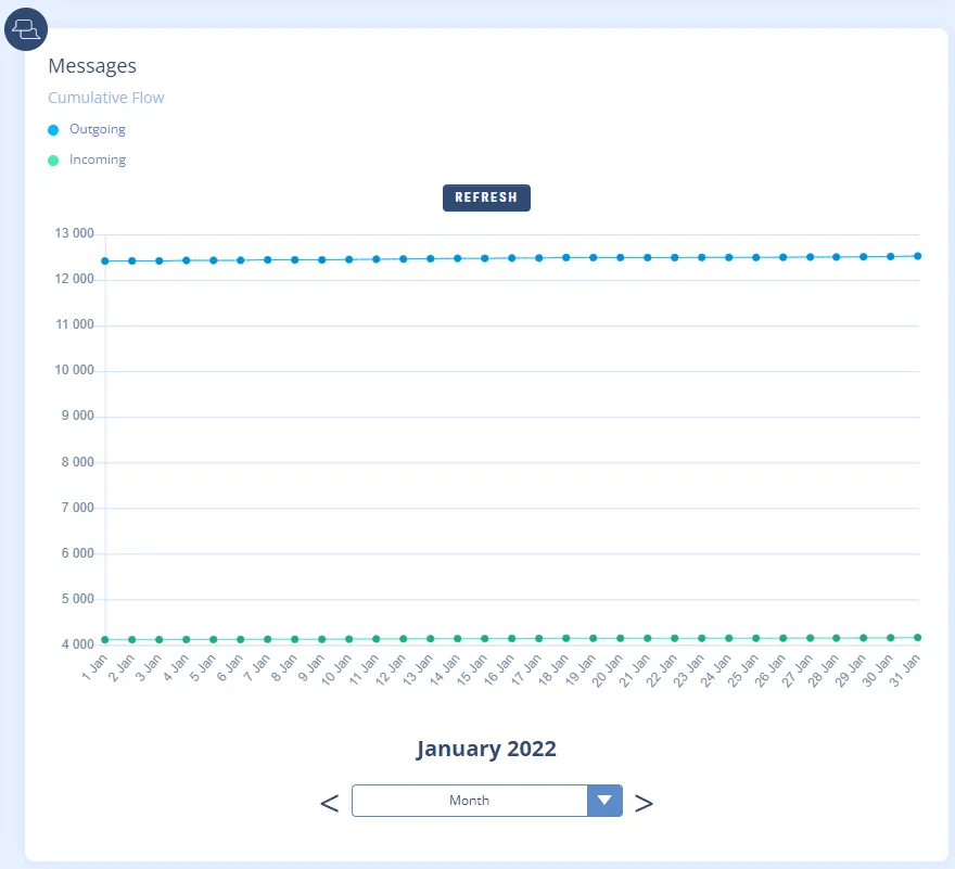 The cumulative total is visible from the dashboard on the cartridge of your chatbot.
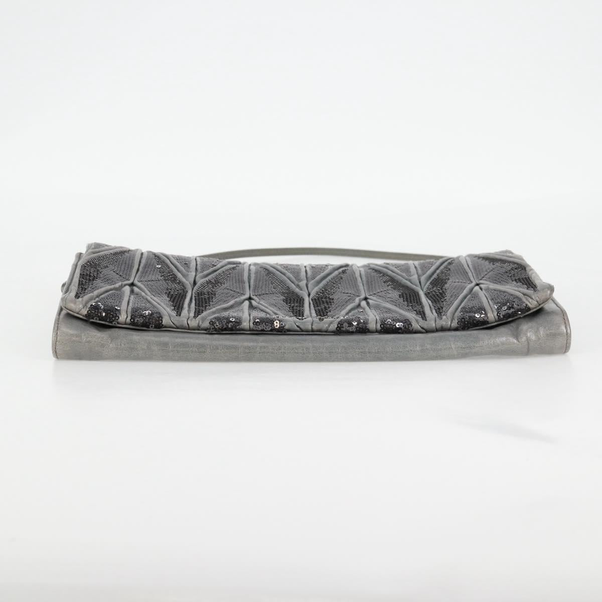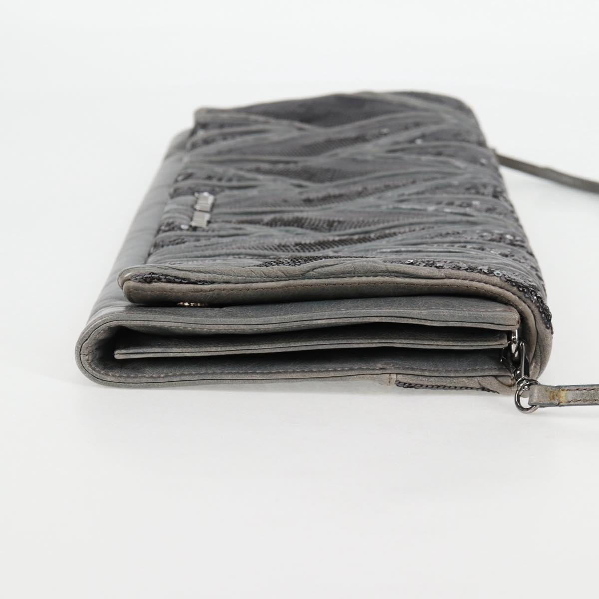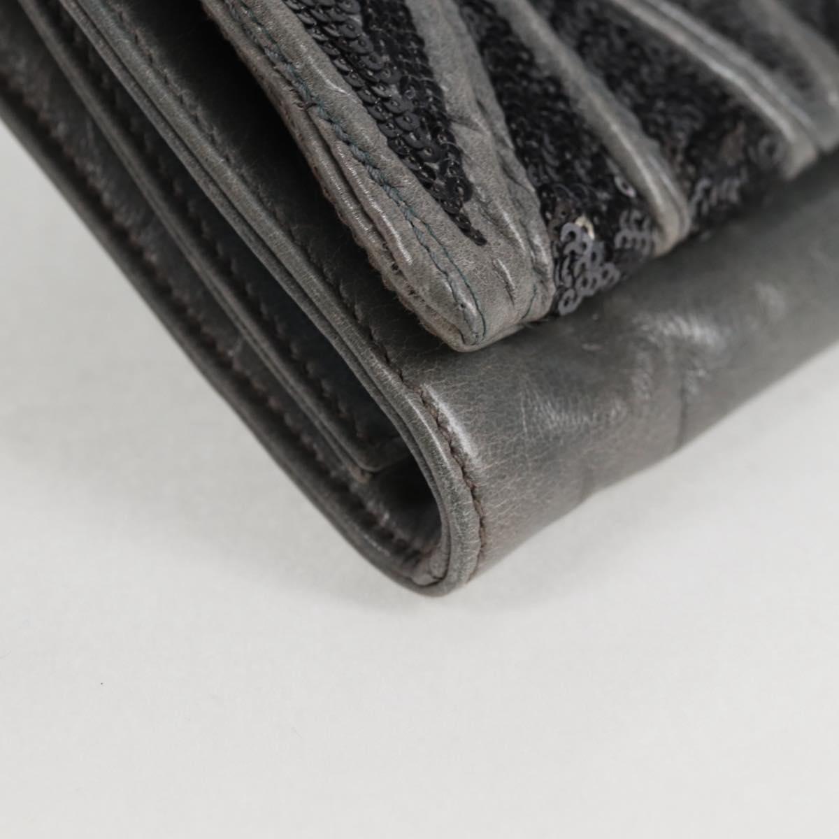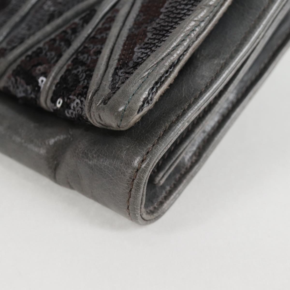 Miu Miu Sequin Shoulder Bag Leather Light Blue Silver Auth 130158V
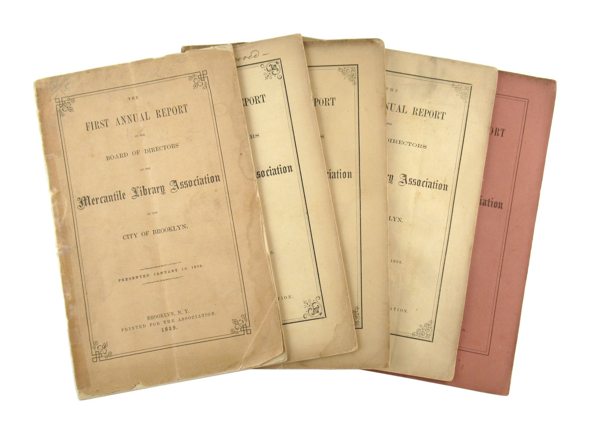 Collection of Five Early Annual Reports: Annual Report of the Board of Directors of the Mercantile Library Association of the City of Brooklyn [First, Second, Third, Fourth, and Eighth Annual]
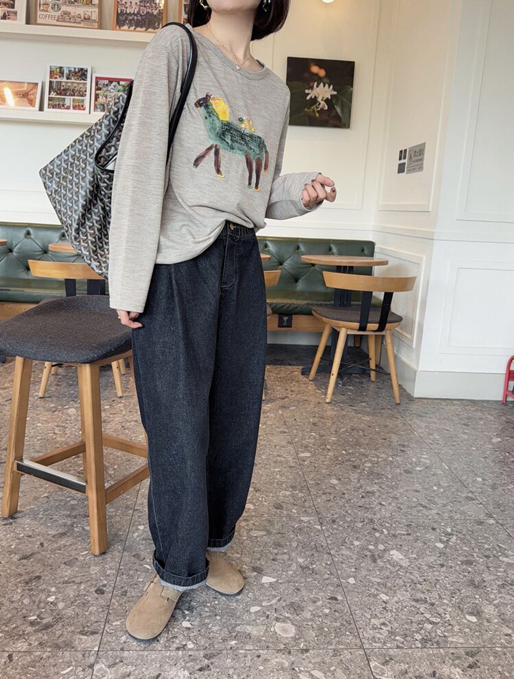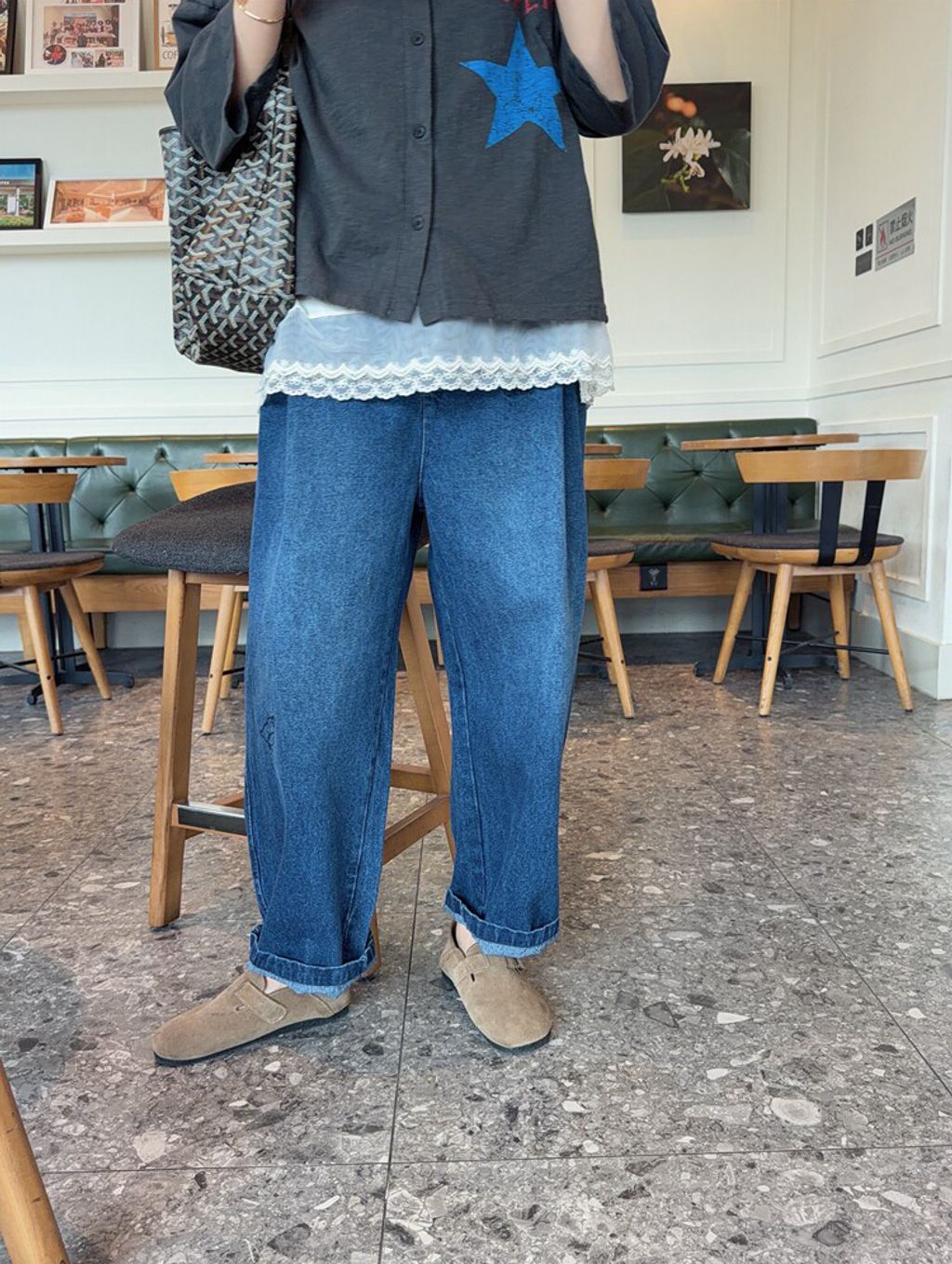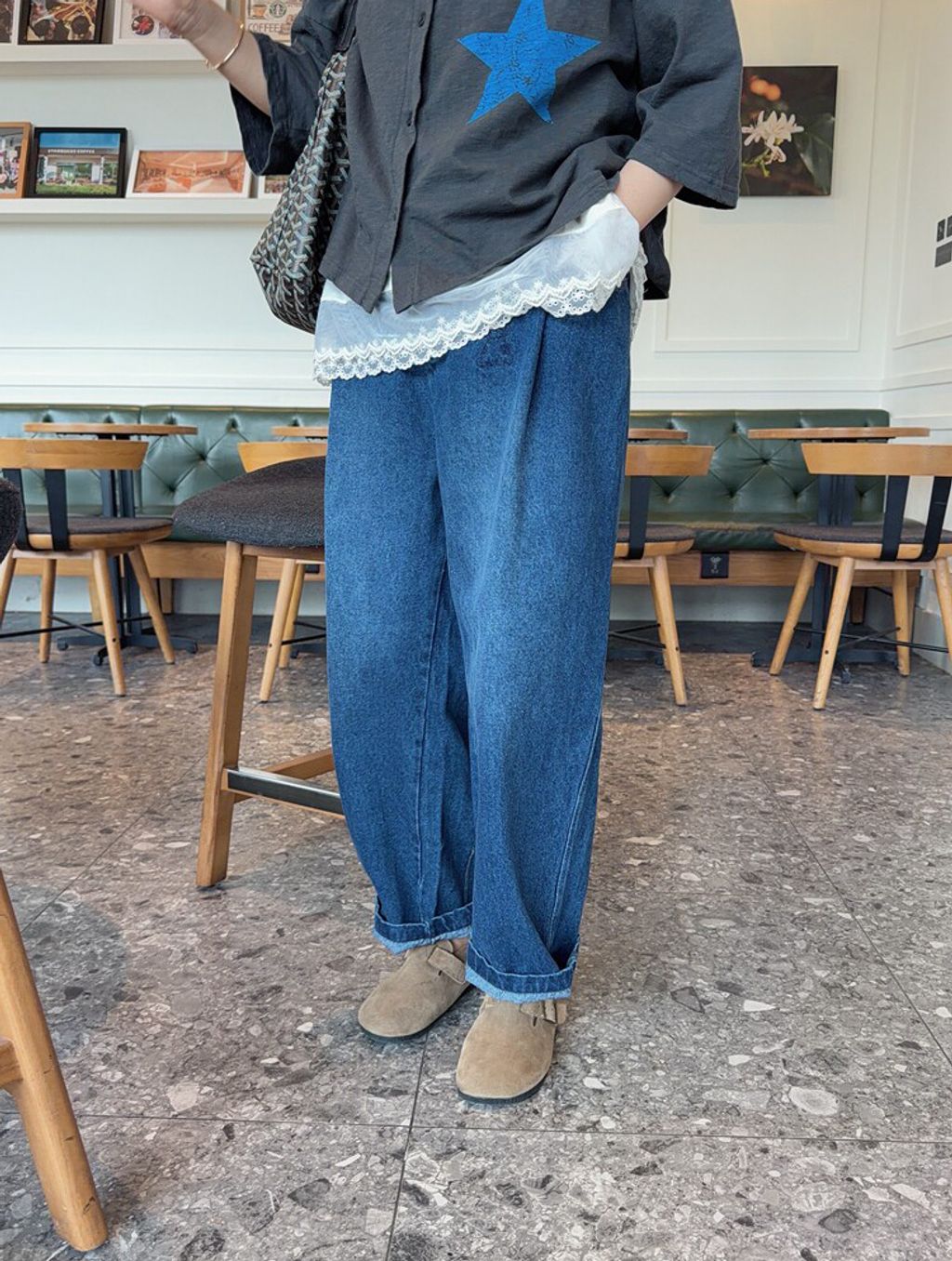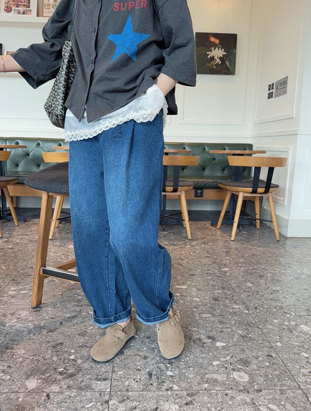 韓 可愛刺繡小貓咪鬆緊腰牛仔長褲*黑藍*【S0412-55】
═══
Activity: Word for word, reproduce all of the data, but keep out the pictures.

Answer section:
 The cumulative total is visible from the dashboard on the cartridge of your chatbot.
 Miu Miu Sequin Shoulder Bag Leather Light Blue Silver Auth 130158V
 Collection of Five Early Annual Reports: Annual Report of the Board of Directors of the Mercantile Library Association of the City of Brooklyn [First, Second, Third, Fourth, and Eighth Annual]
 韓 可愛刺繡小貓咪鬆緊腰牛仔長褲*黑藍*【S0412-55】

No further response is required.